Sean Harrington, who resigned from the force when the charges were filed last October, had illegally searched the phones of two “Jane Does” he’d pulled over on the job. In at least one instance, while making a DUI stop with his partner, he had to ask the suspect for her password. She later discovered that photos of herself and a female friend in “various stages of undress” had been sent from her device to a number she didn’t recognize: Harrington’s.
Harrington texted such images to fellow officers and referred to the criminal scheme as a “game,” the San Francisco Chronicle reported last year. Any charges against both his known victims have since been dropped. Along with probation and a 180-day suspended sentence, he’s been ordered to “speak at a community violence solutions class” about his actions.

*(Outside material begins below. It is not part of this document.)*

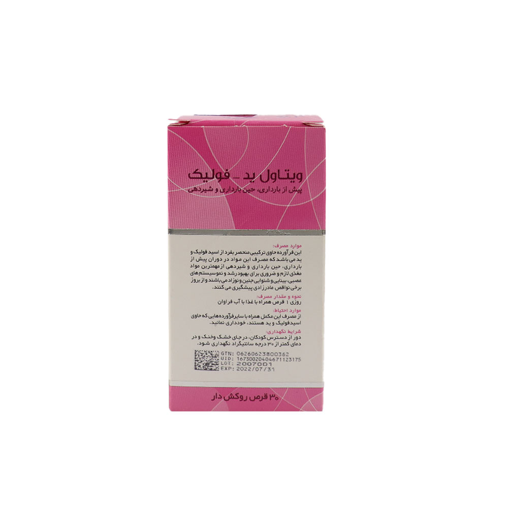 | مزایا | این فرآورده حاوی ترکیبی منحصر بفرد از اسید فولیک و ید می باشد که مصرف این مواد در دوران پیش از بارداری, حین بارداری و شیردهی از مهمترین مواد مغذی لازم و ضروری برای بهبود رشد و نمو سیستم های عصبی, بینایی و شنوایی جنین و نوزاد می باشند و از بروز برخی نواقص مادرزادی پیشگیری می کنند. |
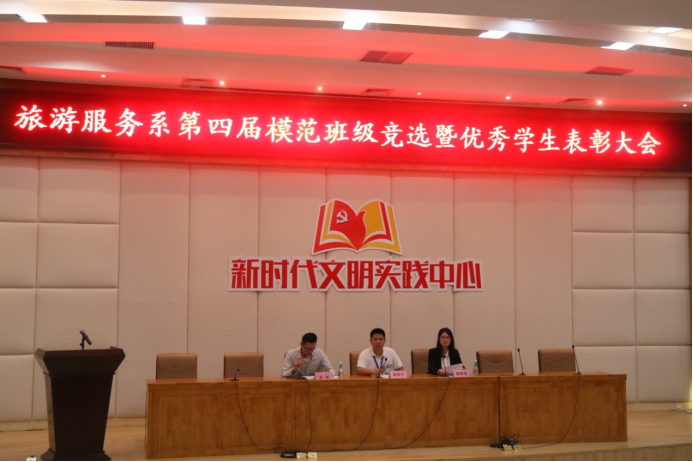 2019-04-22旅游服务系举行第四届模范班级竞选暨优秀学生表彰大会 为表彰先进,2019年4月18日,旅游服务系在学院报告厅隆重举行了第四届模范班级竞选暨优秀学生表彰大会。旅游服务系主任陈伟宁、副主任黄渊,团总支书记曾晓君出席,旅游服务系2017级、2018级全体学生参加了会议。(图一...

Interestingly, Harrington wasn’t prosecuted under the revenge porn law, which refers to the the intention of causing “emotional distress,” but for “theft and copying of computer data.” In a statement after his court appearance Tuesday, he said, “I apologize to my family, my wife, my friends. I apologize to officers everywhere, [and] especially to the two women involved.”
A CHP spokesman, meanwhile, brushed aside concerns about unconstitutional, unlawful, and unethical conduct by claiming simple dissociation. “The CHP has no comments or positions regarding the disposition of Mr. Harrington’s case, as he is no longer a member of our Department,” Officer Daniel Hill told Ars Technica.